TASK DIRECTIONS:
Please write the listing below out again exactly, leaving every picture behind.
BEGIN GIVEN INFORMATION
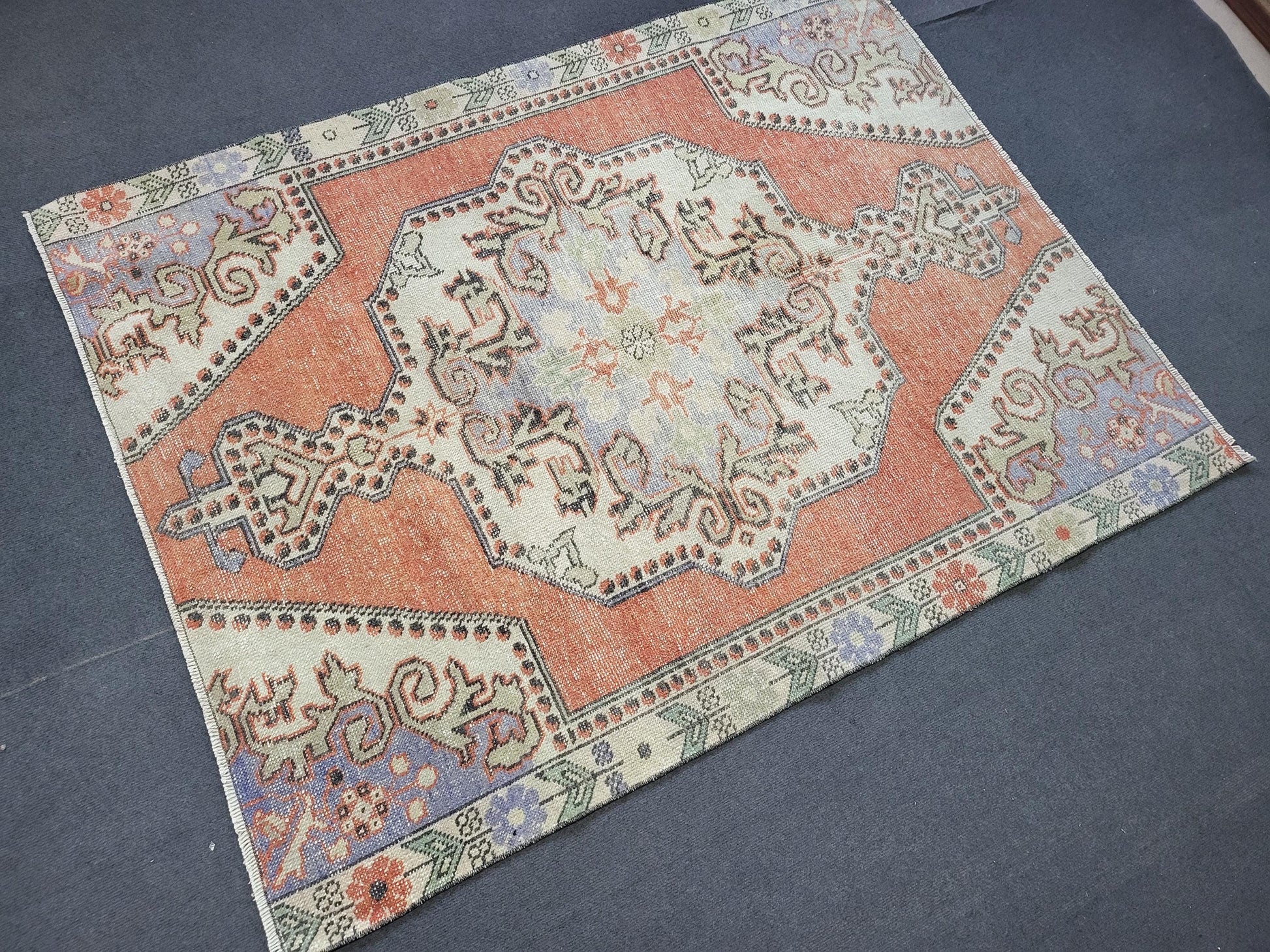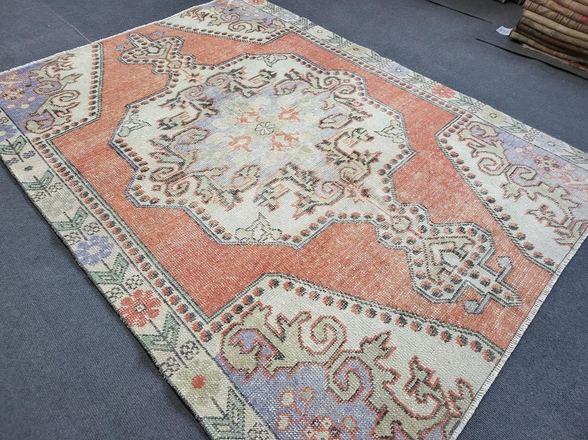 Distressed Wool Rugs, 4.3 x 5.8 Vintage Handmade Rug, Oushak Rug, Turkish Rug, Farmhouse Rug, Vintage Rug, Wool rug Oriental Rug
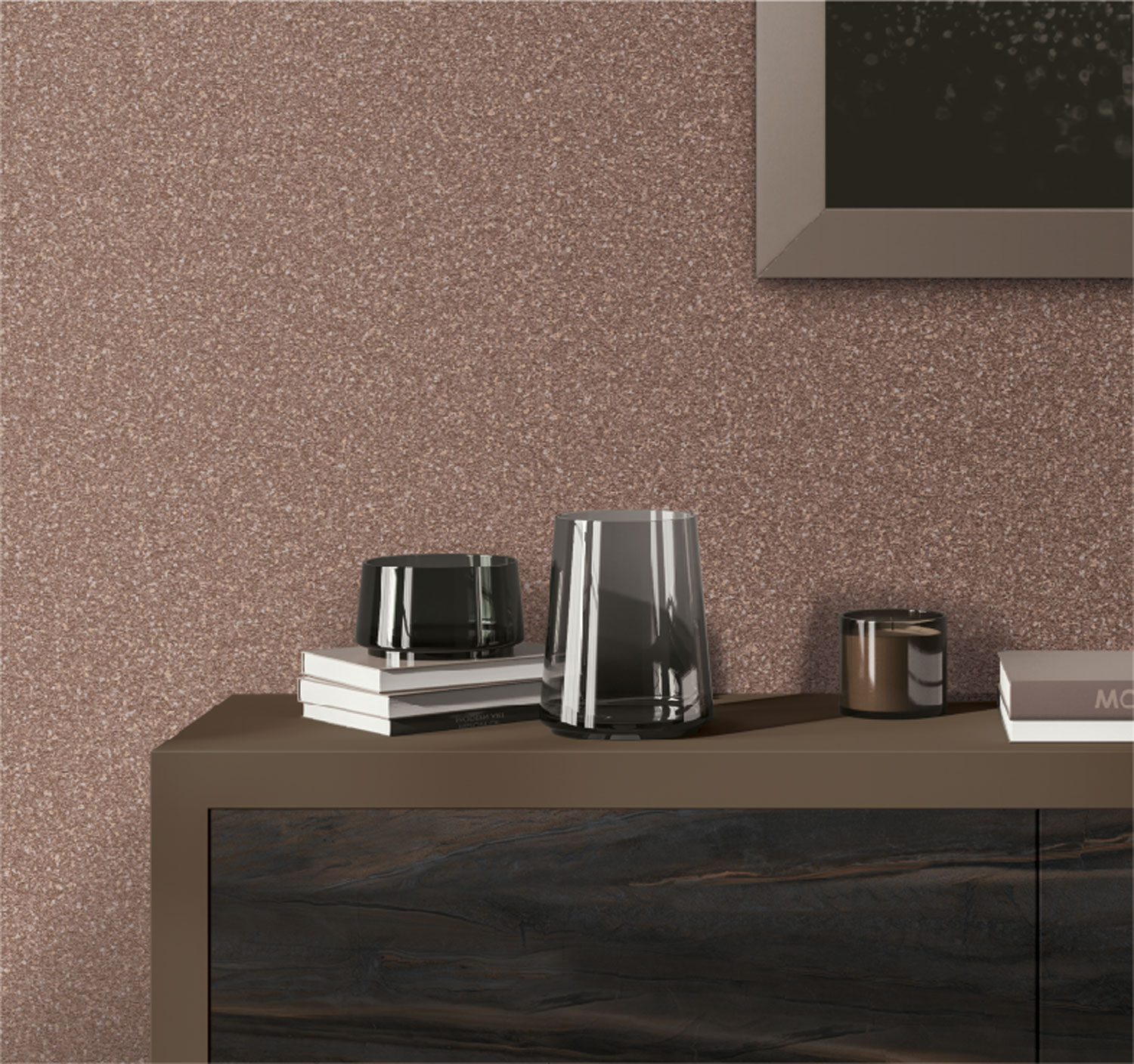 Luxuriöse Vliestapete mit einer Struktur aus kleinen Steinen mit einem dezenten Glanz in ziegelroter Farbe. Vliesunterlage, abwaschbare Vinyloberfläche.
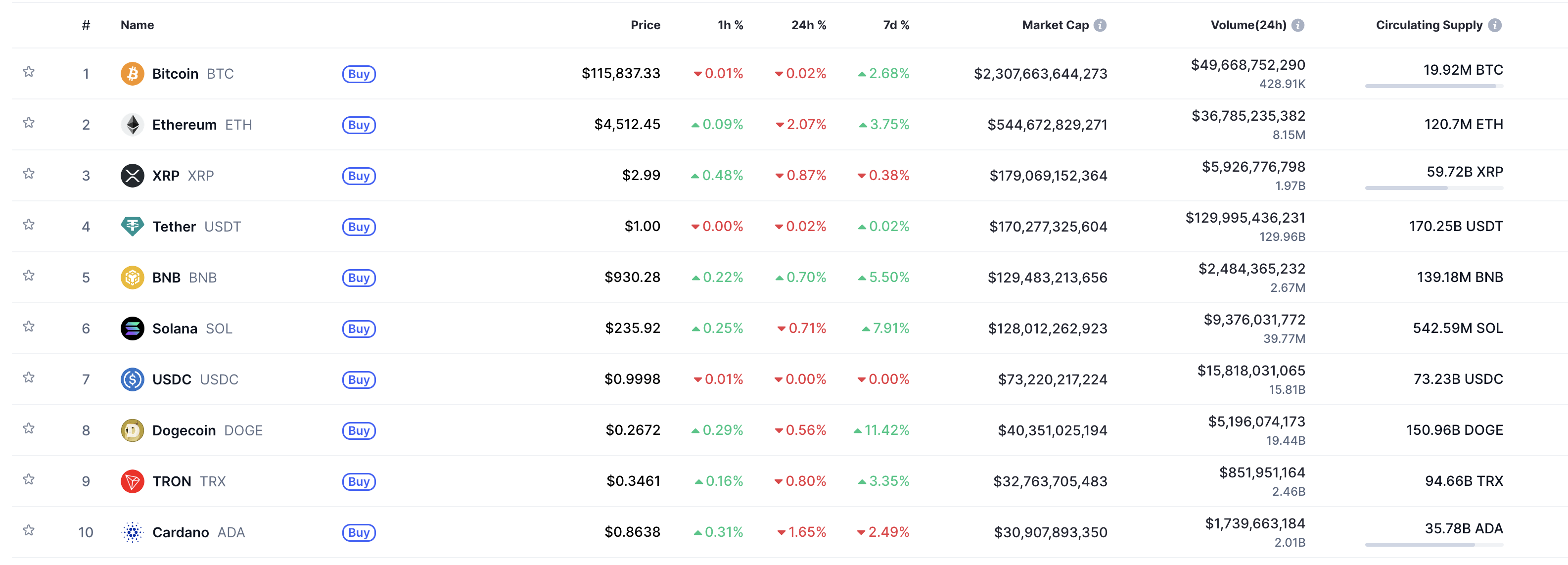 По данным CoinMarketCap, на момент написания биткоин торгуется по $115 837. За сутки главная криптовалюта почти не изменилась в цене, а за неделю подешевела на 2,68%.
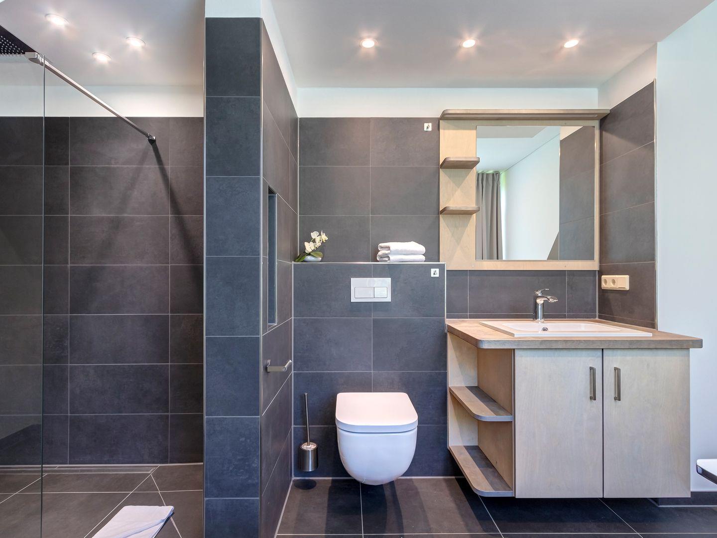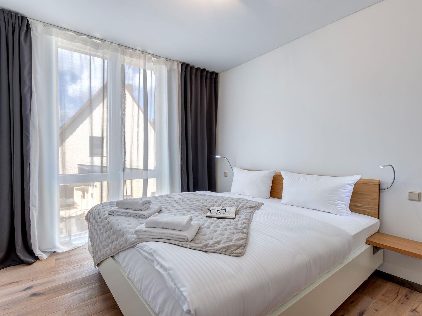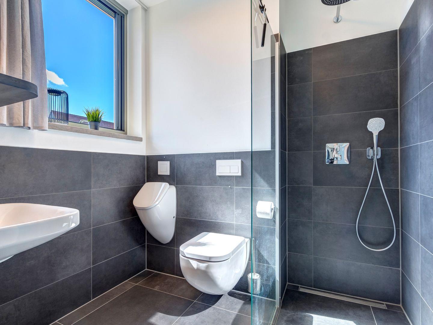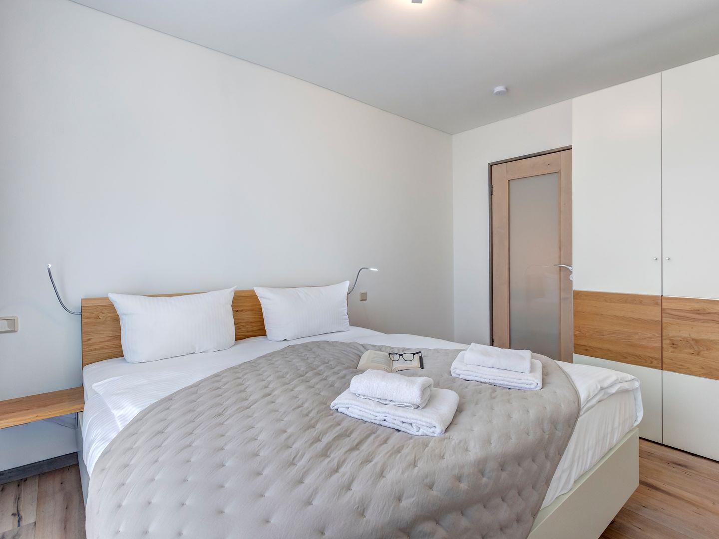 Im 1. Obergeschoss stehen Ihnen drei hochwertig eingerichtete Schlafzimmer mit jeweils einem Doppelbett zur Verfügung. Das große, lichtdurchflutete Erkerschlafzimmer mit seiner Fensterfront ist dabei besonders hervorzuheben. Zwei der Schlafzimmer sind zudem mit einem eigenen TV ausgestattet. Das "Familienbad" im 1. Obergeschoss bietet eine freistehende Badewanne und eine ebenerdige begehbare Dusche für entspannte Momente.
END GIVEN INFORMATION
ANSWER SECTION:
 Distressed Wool Rugs, 4.3 x 5.8 Vintage Handmade Rug, Oushak Rug, Turkish Rug, Farmhouse Rug, Vintage Rug, Wool rug Oriental Rug
 Luxuriöse Vliestapete mit einer Struktur aus kleinen Steinen mit einem dezenten Glanz in ziegelroter Farbe. Vliesunterlage, abwaschbare Vinyloberfläche.
 По данным CoinMarketCap, на момент написания биткоин торгуется по $115 837. За сутки главная криптовалюта почти не изменилась в цене, а за неделю подешевела на 2,68%.
 Im 1. Obergeschoss stehen Ihnen drei hochwertig eingerichtete Schlafzimmer mit jeweils einem Doppelbett zur Verfügung. Das große, lichtdurchflutete Erkerschlafzimmer mit seiner Fensterfront ist dabei besonders hervorzuheben. Zwei der Schlafzimmer sind zudem mit einem eigenen TV ausgestattet. Das "Familienbad" im 1. Obergeschoss bietet eine freistehende Badewanne und eine ebenerdige begehbare Dusche für entspannte Momente.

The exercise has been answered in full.